[Start of section]

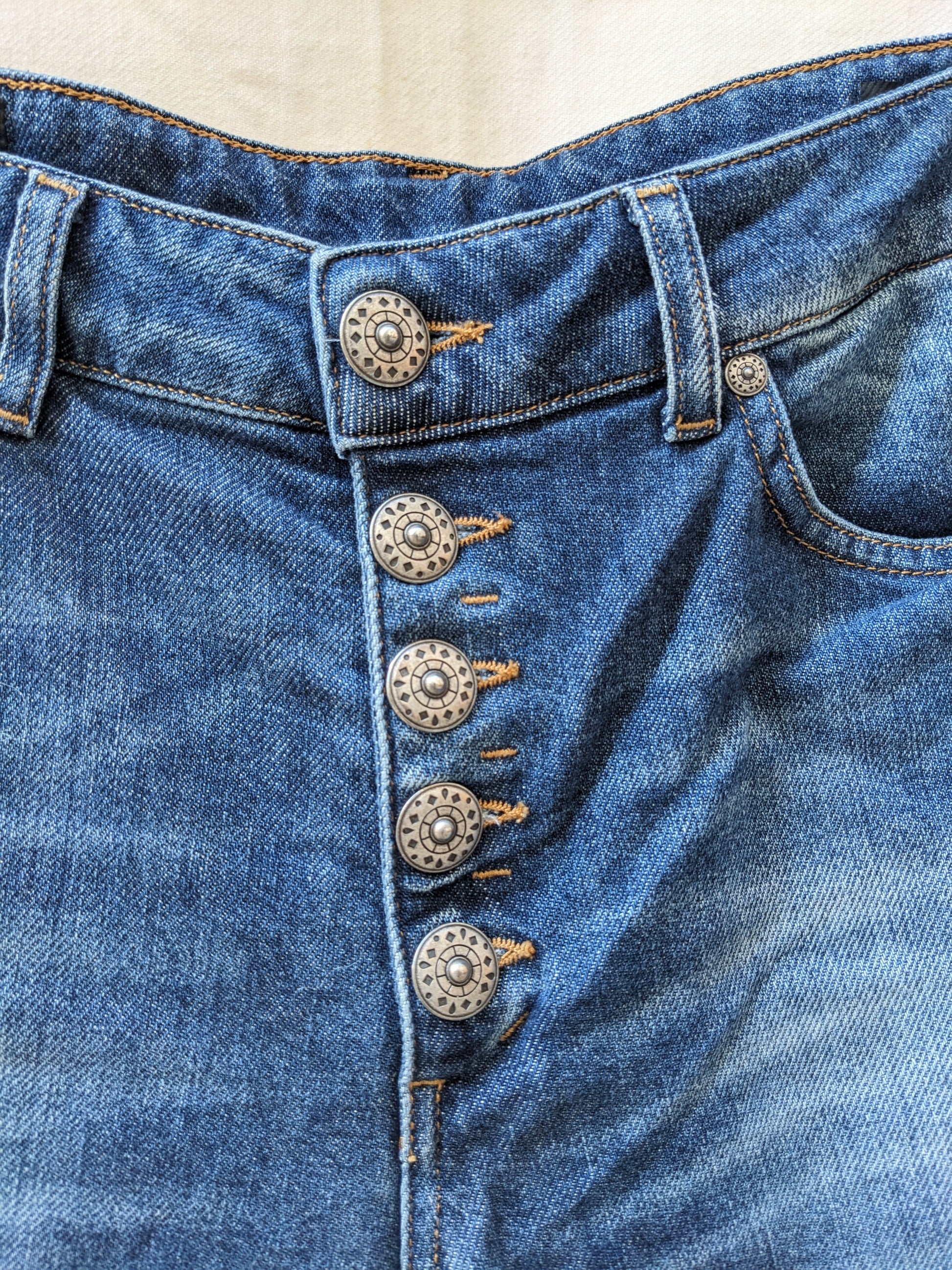 Bleu. Noté taille 30 mais grand ( vérifier mesures ).
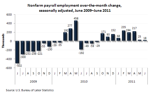 Bureau of Labor Statistics, U.S. Department of Labor, The Economics Daily, Payroll employment essentially unchanged in June 2011 at https://www.bls.gov/opub/ted/2011/ted_20110711.htm (visited December 18, 2025).
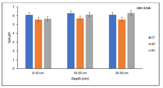 Soil pH at three different sampling depths (0–10, 10–20, 20–30 cm) after 17 years of trial establishment. CT = conventional tillage, RT = rotational tillage, NT = no-till.
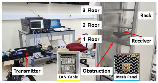 Experimental measurements were carried out to evaluate inter-rack communication performance in a representative data center environment. In this scenario, the transmitter was fixed at a constant distance from a small wired mesh panel with a thickness of 0.3 mm, while the distance between the panel and the receiver was systematically varied. Horn antennas with beamwidths of 30° and 60° were employed at both the transmitter and receiver sides, and matched antenna pairs were used to ensure consistent measurement conditions. The measurement setup is illustrated in Figure 6 and Figure 7. To analyze spatial variations in received signal characteristics within the rack, the receiver antenna was translated along two orthogonal directions inside the rack structure, denoted as the “back” and “horizontal” directions. Figure 8 provides a top-down view of the setup shown in Figure 6, offering a planar representation of the receiver’s motion path relative to the fixed transmitter. Along each direction, measurements were acquired at 3 mm intervals over a linear track. After completing a measurement sweep at one vertical level, the receiver was repositioned vertically, and the same process was repeated at the new height, as depicted in Figure 8. To replicate realistic inter-rack deployment conditions, common obstructions such as LAN cables and small wired mesh panels were deliberately introduced inside the rack. These obstructions emulate the impact of practical environmental clutter on propagation characteristics and are critical in understanding delay spread behavior in data center scenarios.
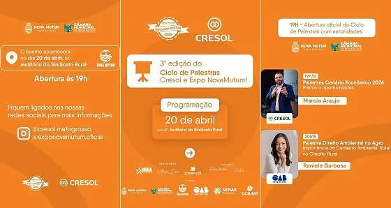 Em 2026, a iniciativa acontece no dia 20 de abril, no auditório do Sindicato Rural de Nova Mutum, com abertura oficial marcada para as 19h, contando com a presença de autoridades locais.
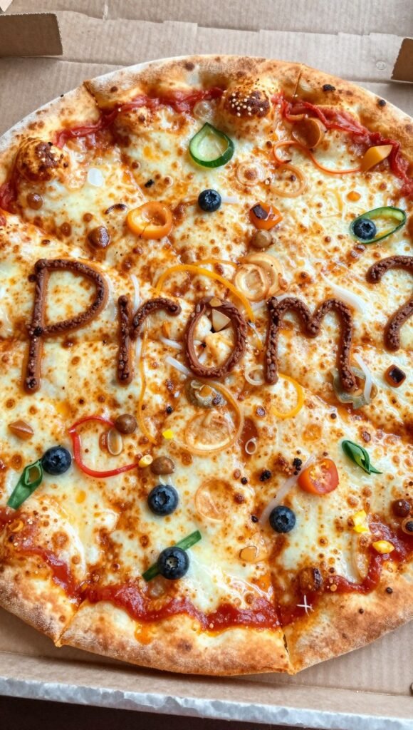 Grab their favorite pizza, or even a few mini ones if you’re feeling extra. Arrange toppings to spell out “Prom?” or simply write the question on the inside of the box lid. Deliver it personally for maximum impact. A pro tip here: make sure the pizza is still warm. Cold pizza is a deal-breaker, even for prom. This works because it’s unexpected, delicious, and shows you know their carb preferences.

[End of section]

» What to do
Print, with pictures removed, exactly the lines of the records above from the top through the line containing "Soil pH at three".

» Written solution
 Bleu. Noté taille 30 mais grand ( vérifier mesures ).
 Bureau of Labor Statistics, U.S. Department of Labor, The Economics Daily, Payroll employment essentially unchanged in June 2011 at https://www.bls.gov/opub/ted/2011/ted_20110711.htm (visited December 18, 2025).
 Soil pH at three different sampling depths (0–10, 10–20, 20–30 cm) after 17 years of trial establishment. CT = conventional tillage, RT = rotational tillage, NT = no-till.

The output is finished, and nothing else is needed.